(THE PROBLEM):
Return the listing verbatim, images left out.

(COLLECTED DATA):
▼

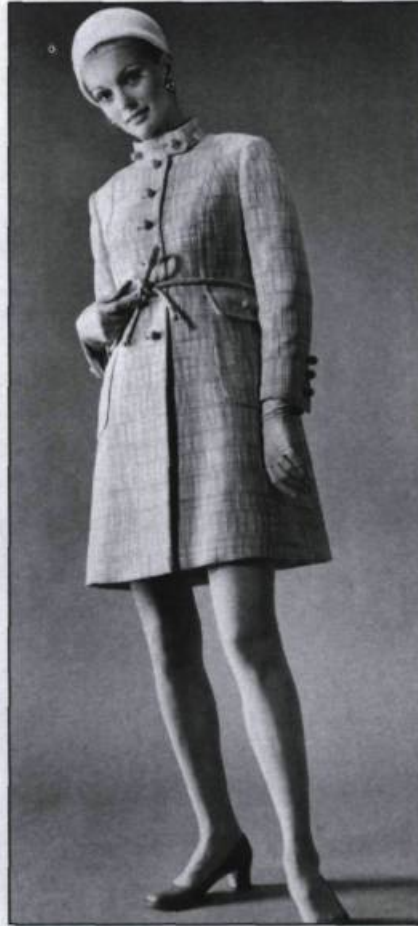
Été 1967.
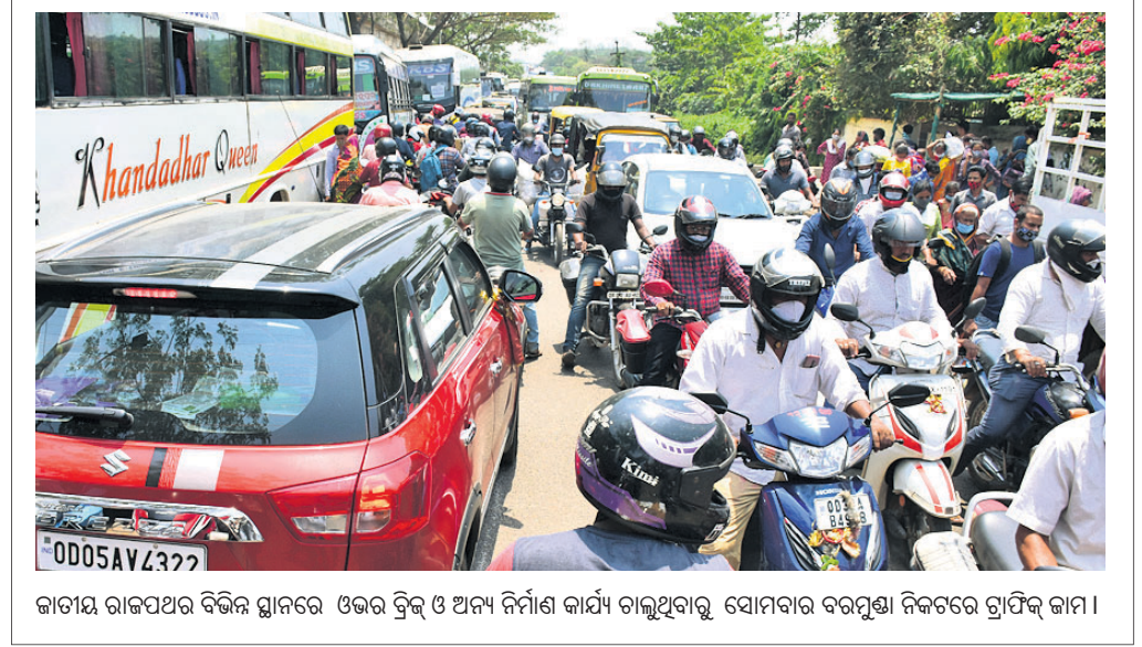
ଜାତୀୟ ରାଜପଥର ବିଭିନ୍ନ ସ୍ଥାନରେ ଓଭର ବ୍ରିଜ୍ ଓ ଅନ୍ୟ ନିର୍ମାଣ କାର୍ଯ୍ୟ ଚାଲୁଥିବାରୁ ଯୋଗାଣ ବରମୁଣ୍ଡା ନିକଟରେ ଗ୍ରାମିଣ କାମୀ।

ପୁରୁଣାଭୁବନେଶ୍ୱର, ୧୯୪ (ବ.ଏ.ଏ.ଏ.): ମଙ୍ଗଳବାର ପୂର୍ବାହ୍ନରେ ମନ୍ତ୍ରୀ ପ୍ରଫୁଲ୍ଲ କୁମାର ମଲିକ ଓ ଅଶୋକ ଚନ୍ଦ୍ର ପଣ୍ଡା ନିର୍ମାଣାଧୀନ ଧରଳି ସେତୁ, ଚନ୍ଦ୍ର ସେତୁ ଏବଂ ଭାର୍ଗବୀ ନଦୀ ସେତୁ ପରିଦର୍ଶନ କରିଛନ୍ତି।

▲

(ANSWER FOR THIS EXERCISE):
Été 1967.
ଜାତୀୟ ରାଜପଥର ବିଭିନ୍ନ ସ୍ଥାନରେ ଓଭର ବ୍ରିଜ୍ ଓ ଅନ୍ୟ ନିର୍ମାଣ କାର୍ଯ୍ୟ ଚାଲୁଥିବାରୁ ଯୋଗାଣ ବରମୁଣ୍ଡା ନିକଟରେ ଗ୍ରାମିଣ କାମୀ।

ପୁରୁଣାଭୁବନେଶ୍ୱର, ୧୯୪ (ବ.ଏ.ଏ.ଏ.): ମଙ୍ଗଳବାର ପୂର୍ବାହ୍ନରେ ମନ୍ତ୍ରୀ ପ୍ରଫୁଲ୍ଲ କୁମାର ମଲିକ ଓ ଅଶୋକ ଚନ୍ଦ୍ର ପଣ୍ଡା ନିର୍ମାଣାଧୀନ ଧରଳି ସେତୁ, ଚନ୍ଦ୍ର ସେତୁ ଏବଂ ଭାର୍ଗବୀ ନଦୀ ସେତୁ ପରିଦର୍ଶନ କରିଛନ୍ତି।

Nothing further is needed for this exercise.